DATA TO USE: Begin
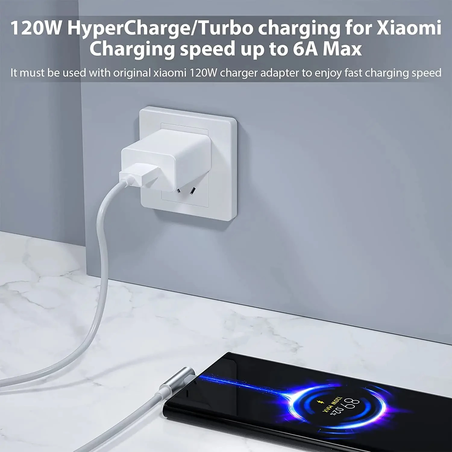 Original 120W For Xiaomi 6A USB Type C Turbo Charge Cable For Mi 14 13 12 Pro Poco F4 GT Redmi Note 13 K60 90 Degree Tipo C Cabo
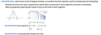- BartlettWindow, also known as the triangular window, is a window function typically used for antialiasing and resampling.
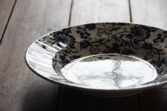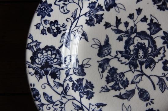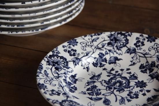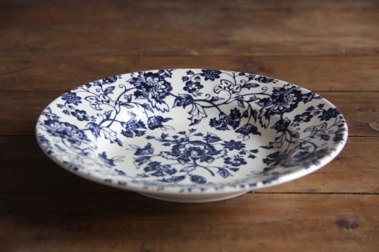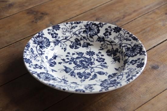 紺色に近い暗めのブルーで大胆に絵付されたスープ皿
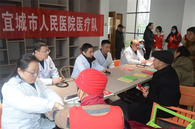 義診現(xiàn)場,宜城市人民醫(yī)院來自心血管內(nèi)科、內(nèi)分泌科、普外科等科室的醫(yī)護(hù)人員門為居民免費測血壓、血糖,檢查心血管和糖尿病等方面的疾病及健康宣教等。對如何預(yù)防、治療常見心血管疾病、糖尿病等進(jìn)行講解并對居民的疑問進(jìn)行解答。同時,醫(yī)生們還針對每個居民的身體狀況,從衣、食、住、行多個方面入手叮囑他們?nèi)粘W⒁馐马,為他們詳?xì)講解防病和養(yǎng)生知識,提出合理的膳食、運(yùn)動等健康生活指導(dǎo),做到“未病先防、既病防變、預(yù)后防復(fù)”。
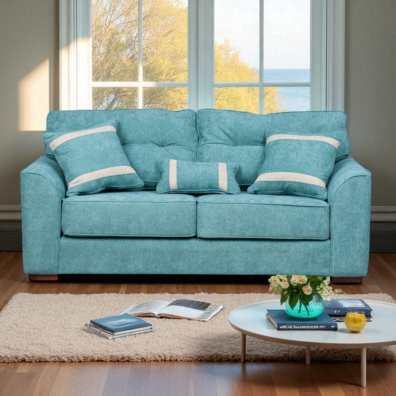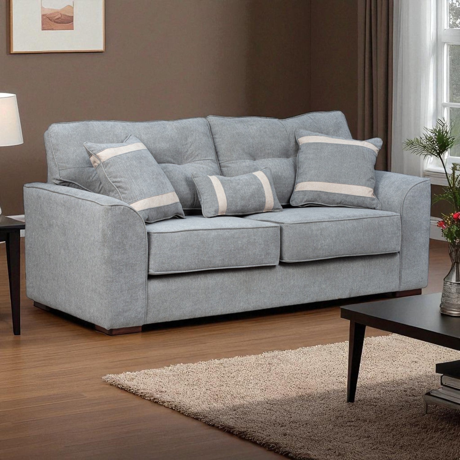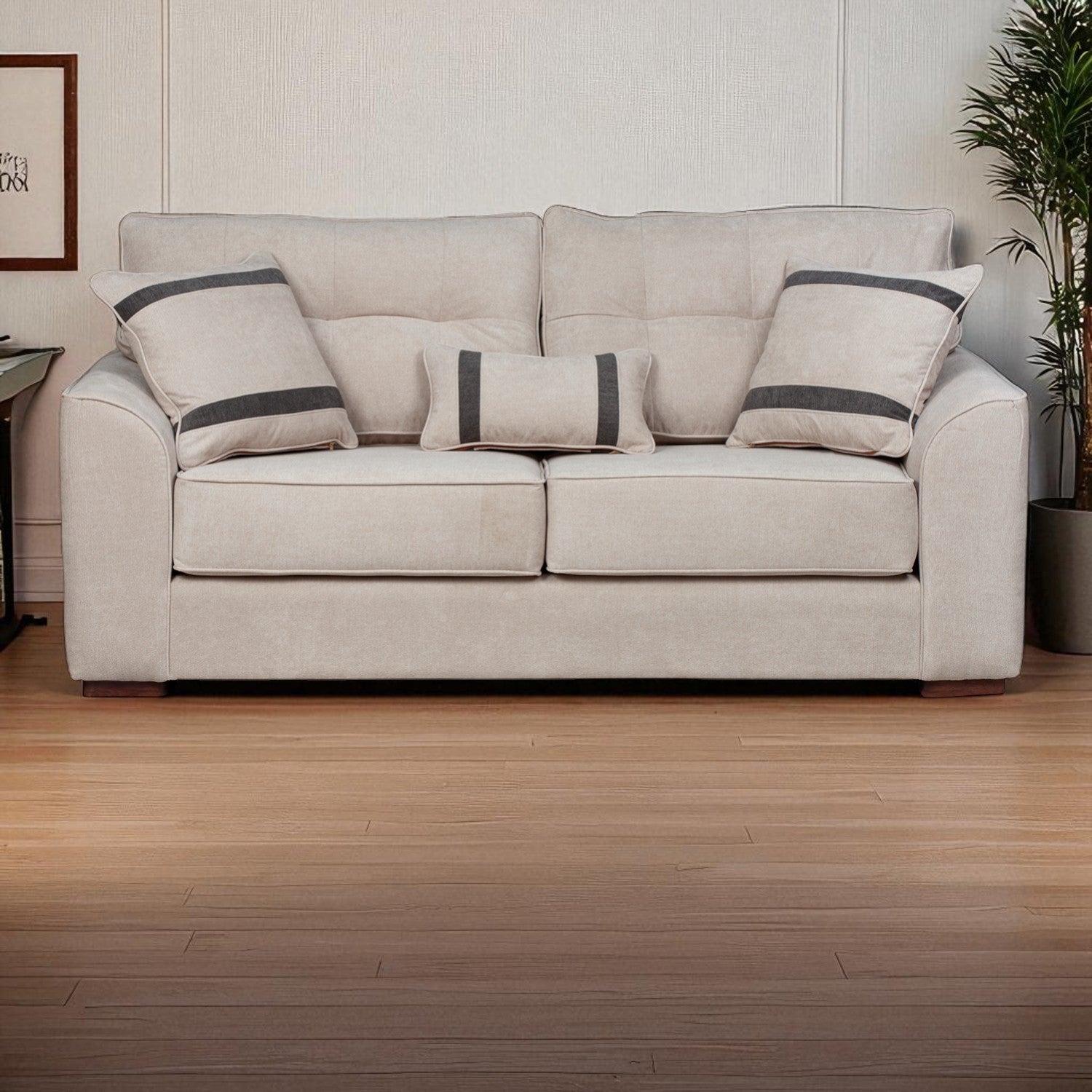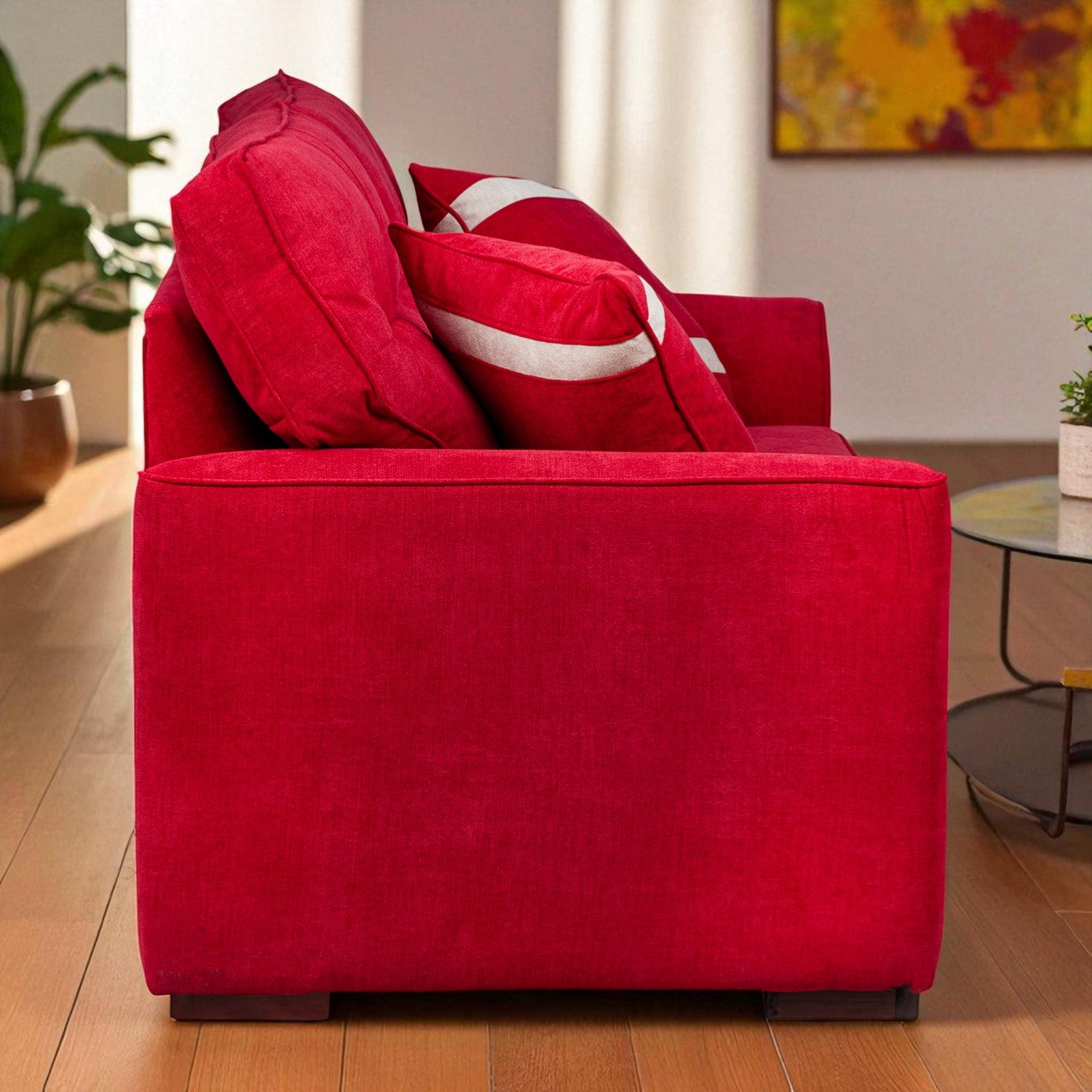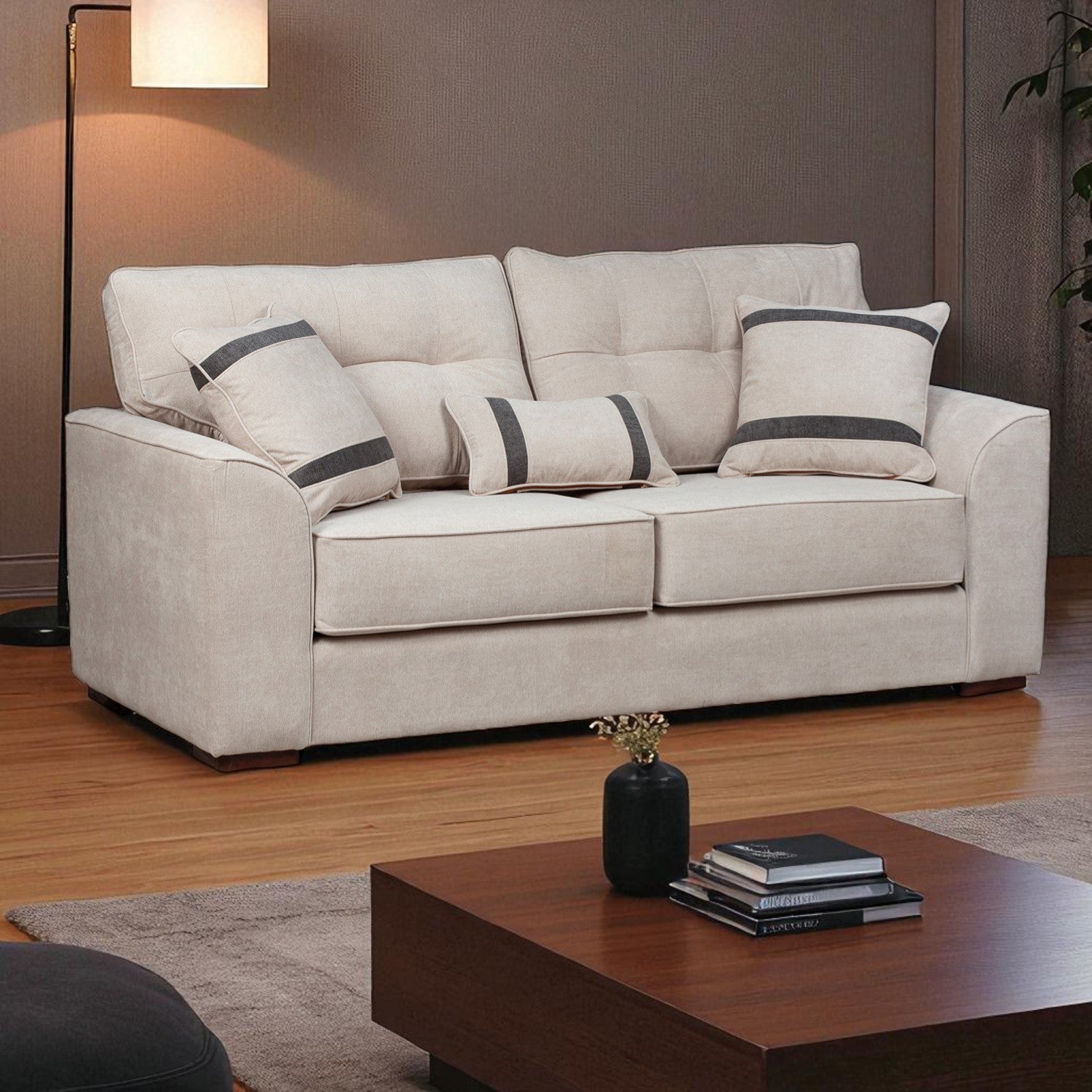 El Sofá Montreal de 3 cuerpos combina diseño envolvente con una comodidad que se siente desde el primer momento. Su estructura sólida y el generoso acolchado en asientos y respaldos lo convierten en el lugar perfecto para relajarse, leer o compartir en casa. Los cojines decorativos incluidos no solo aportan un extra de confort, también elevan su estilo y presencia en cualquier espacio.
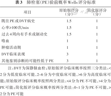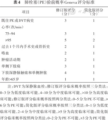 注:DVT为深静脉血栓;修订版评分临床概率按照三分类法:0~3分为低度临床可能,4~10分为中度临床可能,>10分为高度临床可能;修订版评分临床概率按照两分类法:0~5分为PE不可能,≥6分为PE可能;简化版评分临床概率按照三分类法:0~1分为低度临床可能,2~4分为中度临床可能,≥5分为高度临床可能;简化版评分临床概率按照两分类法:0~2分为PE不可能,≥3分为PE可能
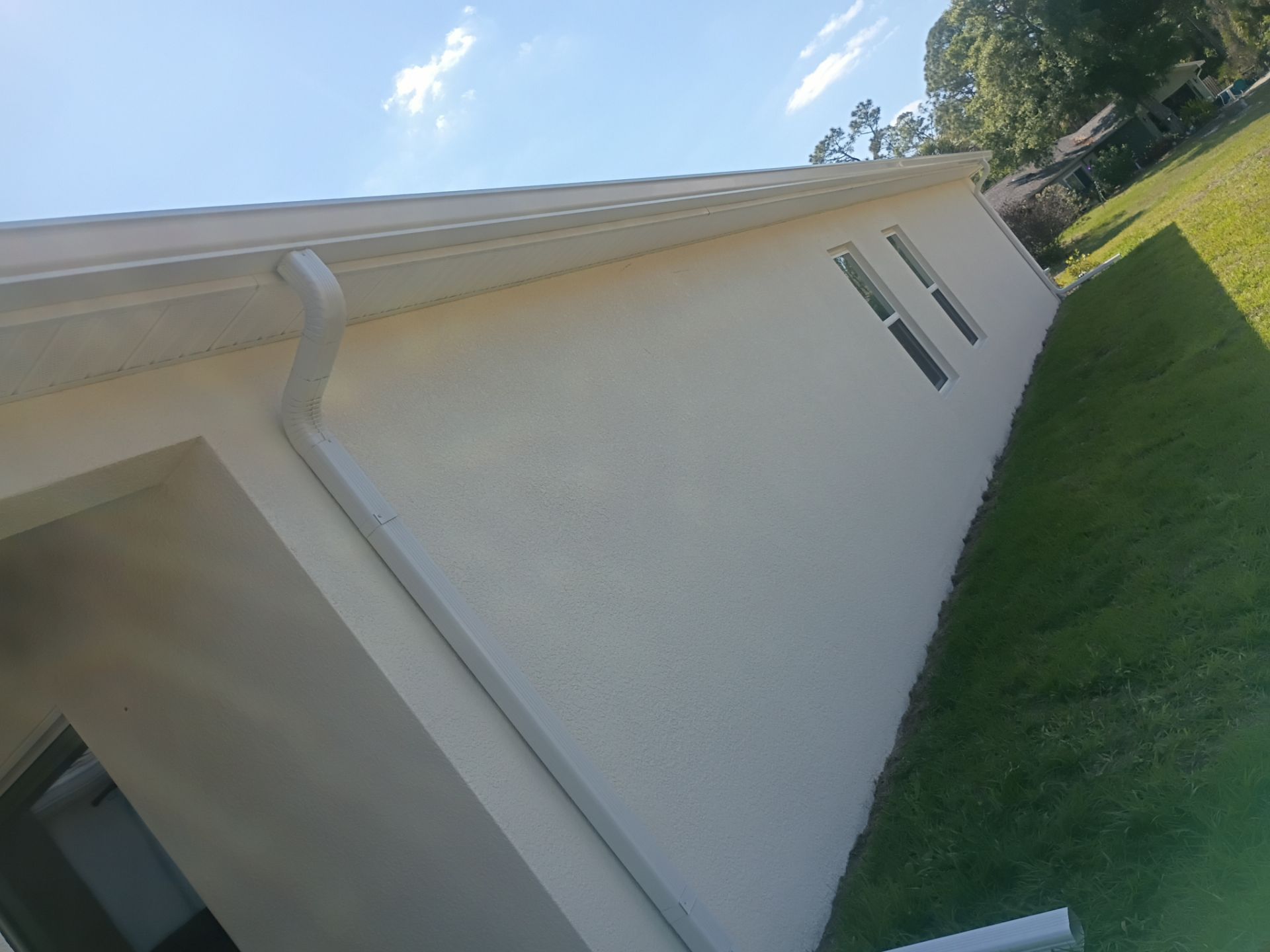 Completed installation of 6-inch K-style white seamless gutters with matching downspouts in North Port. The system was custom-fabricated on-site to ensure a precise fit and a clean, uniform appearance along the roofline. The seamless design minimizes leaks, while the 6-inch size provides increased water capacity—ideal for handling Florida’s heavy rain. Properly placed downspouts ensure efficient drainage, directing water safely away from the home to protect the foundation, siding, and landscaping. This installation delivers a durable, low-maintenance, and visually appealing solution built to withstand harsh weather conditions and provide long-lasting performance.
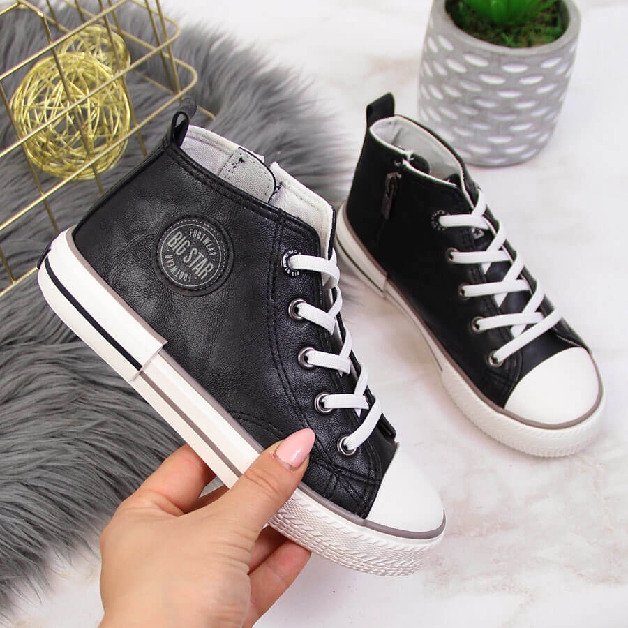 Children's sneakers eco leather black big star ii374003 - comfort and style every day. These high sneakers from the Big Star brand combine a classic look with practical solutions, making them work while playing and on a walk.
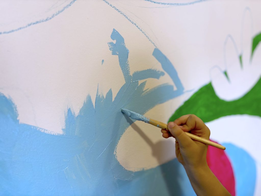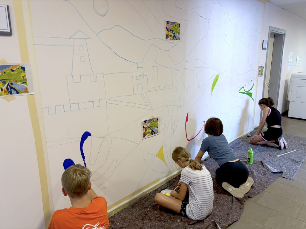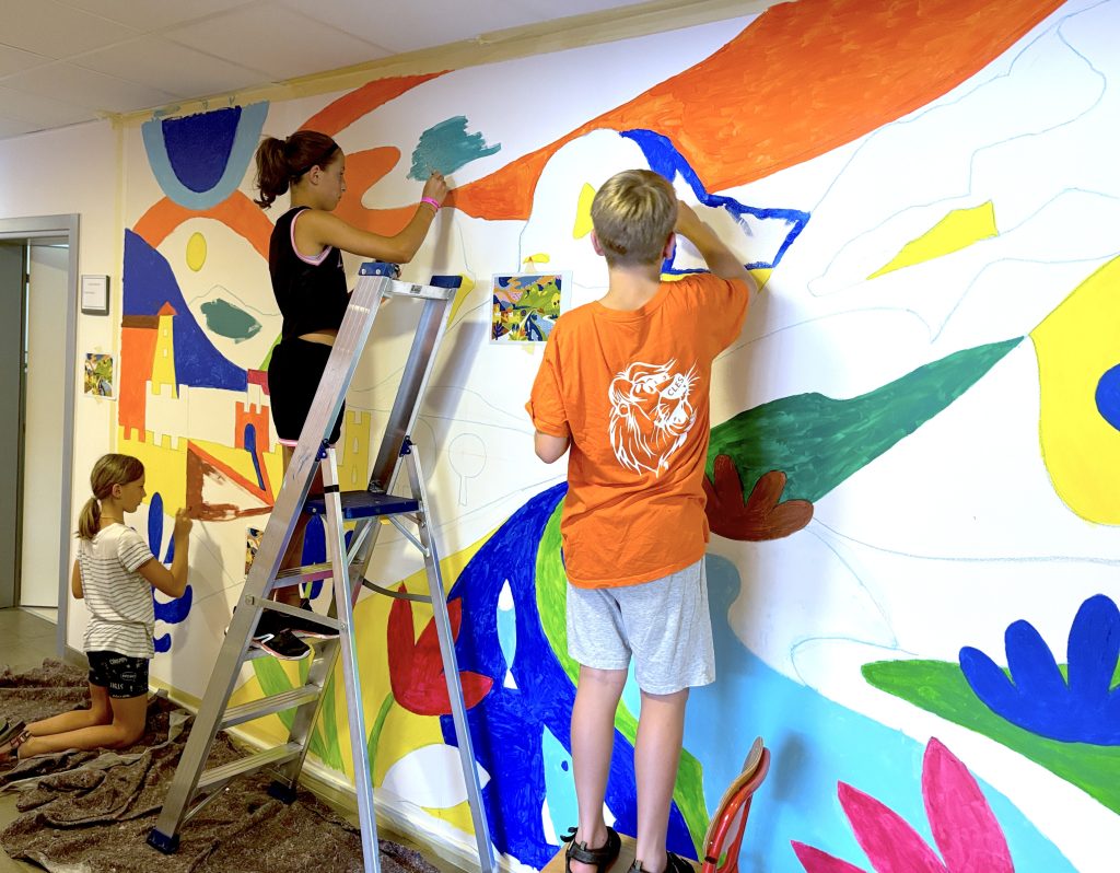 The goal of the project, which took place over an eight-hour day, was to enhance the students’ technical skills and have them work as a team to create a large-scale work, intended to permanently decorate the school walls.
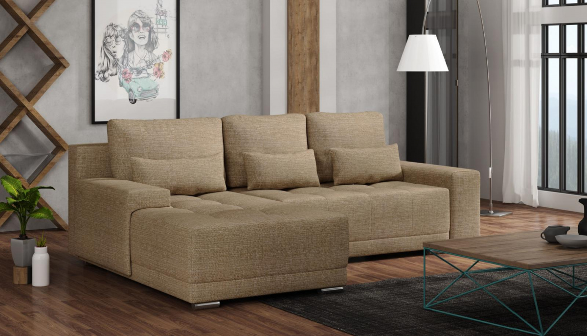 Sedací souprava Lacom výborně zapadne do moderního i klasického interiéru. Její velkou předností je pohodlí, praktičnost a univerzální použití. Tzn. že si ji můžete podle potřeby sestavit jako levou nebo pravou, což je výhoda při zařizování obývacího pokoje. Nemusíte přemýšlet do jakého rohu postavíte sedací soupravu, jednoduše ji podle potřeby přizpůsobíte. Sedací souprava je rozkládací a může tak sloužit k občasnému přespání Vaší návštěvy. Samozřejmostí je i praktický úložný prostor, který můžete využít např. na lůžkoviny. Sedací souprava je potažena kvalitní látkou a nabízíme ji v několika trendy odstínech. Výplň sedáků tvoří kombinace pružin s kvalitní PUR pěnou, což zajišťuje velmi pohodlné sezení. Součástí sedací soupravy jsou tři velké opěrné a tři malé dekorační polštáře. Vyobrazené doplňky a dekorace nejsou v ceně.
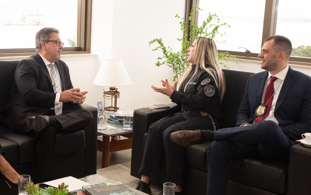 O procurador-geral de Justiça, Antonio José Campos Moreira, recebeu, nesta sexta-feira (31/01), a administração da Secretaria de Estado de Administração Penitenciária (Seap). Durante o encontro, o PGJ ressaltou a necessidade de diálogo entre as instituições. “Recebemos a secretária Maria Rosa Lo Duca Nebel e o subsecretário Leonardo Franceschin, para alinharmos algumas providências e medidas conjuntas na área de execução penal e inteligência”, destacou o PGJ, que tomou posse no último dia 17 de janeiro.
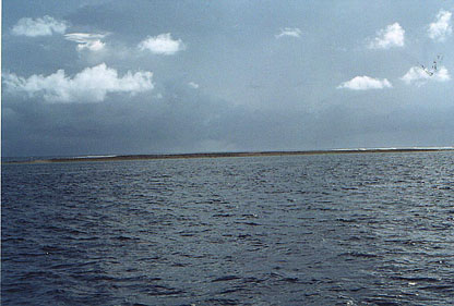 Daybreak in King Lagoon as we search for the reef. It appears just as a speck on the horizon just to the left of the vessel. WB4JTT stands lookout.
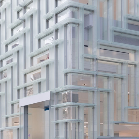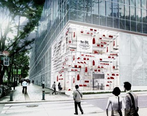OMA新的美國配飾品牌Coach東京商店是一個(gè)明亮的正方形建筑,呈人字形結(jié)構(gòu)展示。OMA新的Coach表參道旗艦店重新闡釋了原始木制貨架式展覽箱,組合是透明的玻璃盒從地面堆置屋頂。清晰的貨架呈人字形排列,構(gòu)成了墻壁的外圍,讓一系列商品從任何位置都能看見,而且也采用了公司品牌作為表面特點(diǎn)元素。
DATA TO USE: End
# YOUR TASK
In the reply, every line of the material above is to be reproduced verbatim, and the images are to be left out.

# ANSWER SECTION
 Original 120W For Xiaomi 6A USB Type C Turbo Charge Cable For Mi 14 13 12 Pro Poco F4 GT Redmi Note 13 K60 90 Degree Tipo C Cabo
- BartlettWindow, also known as the triangular window, is a window function typically used for antialiasing and resampling.
 紺色に近い暗めのブルーで大胆に絵付されたスープ皿
 義診現(xiàn)場,宜城市人民醫(yī)院來自心血管內(nèi)科、內(nèi)分泌科、普外科等科室的醫(yī)護(hù)人員門為居民免費測血壓、血糖,檢查心血管和糖尿病等方面的疾病及健康宣教等。對如何預(yù)防、治療常見心血管疾病、糖尿病等進(jìn)行講解并對居民的疑問進(jìn)行解答。同時,醫(yī)生們還針對每個居民的身體狀況,從衣、食、住、行多個方面入手叮囑他們?nèi)粘W⒁馐马,為他們詳?xì)講解防病和養(yǎng)生知識,提出合理的膳食、運(yùn)動等健康生活指導(dǎo),做到“未病先防、既病防變、預(yù)后防復(fù)”。
 El Sofá Montreal de 3 cuerpos combina diseño envolvente con una comodidad que se siente desde el primer momento. Su estructura sólida y el generoso acolchado en asientos y respaldos lo convierten en el lugar perfecto para relajarse, leer o compartir en casa. Los cojines decorativos incluidos no solo aportan un extra de confort, también elevan su estilo y presencia en cualquier espacio.
 注:DVT为深静脉血栓;修订版评分临床概率按照三分类法:0~3分为低度临床可能,4~10分为中度临床可能,>10分为高度临床可能;修订版评分临床概率按照两分类法:0~5分为PE不可能,≥6分为PE可能;简化版评分临床概率按照三分类法:0~1分为低度临床可能,2~4分为中度临床可能,≥5分为高度临床可能;简化版评分临床概率按照两分类法:0~2分为PE不可能,≥3分为PE可能
 Completed installation of 6-inch K-style white seamless gutters with matching downspouts in North Port. The system was custom-fabricated on-site to ensure a precise fit and a clean, uniform appearance along the roofline. The seamless design minimizes leaks, while the 6-inch size provides increased water capacity—ideal for handling Florida’s heavy rain. Properly placed downspouts ensure efficient drainage, directing water safely away from the home to protect the foundation, siding, and landscaping. This installation delivers a durable, low-maintenance, and visually appealing solution built to withstand harsh weather conditions and provide long-lasting performance.
 Children's sneakers eco leather black big star ii374003 - comfort and style every day. These high sneakers from the Big Star brand combine a classic look with practical solutions, making them work while playing and on a walk.
 The goal of the project, which took place over an eight-hour day, was to enhance the students’ technical skills and have them work as a team to create a large-scale work, intended to permanently decorate the school walls.
 Sedací souprava Lacom výborně zapadne do moderního i klasického interiéru. Její velkou předností je pohodlí, praktičnost a univerzální použití. Tzn. že si ji můžete podle potřeby sestavit jako levou nebo pravou, což je výhoda při zařizování obývacího pokoje. Nemusíte přemýšlet do jakého rohu postavíte sedací soupravu, jednoduše ji podle potřeby přizpůsobíte. Sedací souprava je rozkládací a může tak sloužit k občasnému přespání Vaší návštěvy. Samozřejmostí je i praktický úložný prostor, který můžete využít např. na lůžkoviny. Sedací souprava je potažena kvalitní látkou a nabízíme ji v několika trendy odstínech. Výplň sedáků tvoří kombinace pružin s kvalitní PUR pěnou, což zajišťuje velmi pohodlné sezení. Součástí sedací soupravy jsou tři velké opěrné a tři malé dekorační polštáře. Vyobrazené doplňky a dekorace nejsou v ceně.
 O procurador-geral de Justiça, Antonio José Campos Moreira, recebeu, nesta sexta-feira (31/01), a administração da Secretaria de Estado de Administração Penitenciária (Seap). Durante o encontro, o PGJ ressaltou a necessidade de diálogo entre as instituições. “Recebemos a secretária Maria Rosa Lo Duca Nebel e o subsecretário Leonardo Franceschin, para alinharmos algumas providências e medidas conjuntas na área de execução penal e inteligência”, destacou o PGJ, que tomou posse no último dia 17 de janeiro.
 Daybreak in King Lagoon as we search for the reef. It appears just as a speck on the horizon just to the left of the vessel. WB4JTT stands lookout.
OMA新的美國配飾品牌Coach東京商店是一個(gè)明亮的正方形建筑,呈人字形結(jié)構(gòu)展示。OMA新的Coach表參道旗艦店重新闡釋了原始木制貨架式展覽箱,組合是透明的玻璃盒從地面堆置屋頂。清晰的貨架呈人字形排列,構(gòu)成了墻壁的外圍,讓一系列商品從任何位置都能看見,而且也采用了公司品牌作為表面特點(diǎn)元素。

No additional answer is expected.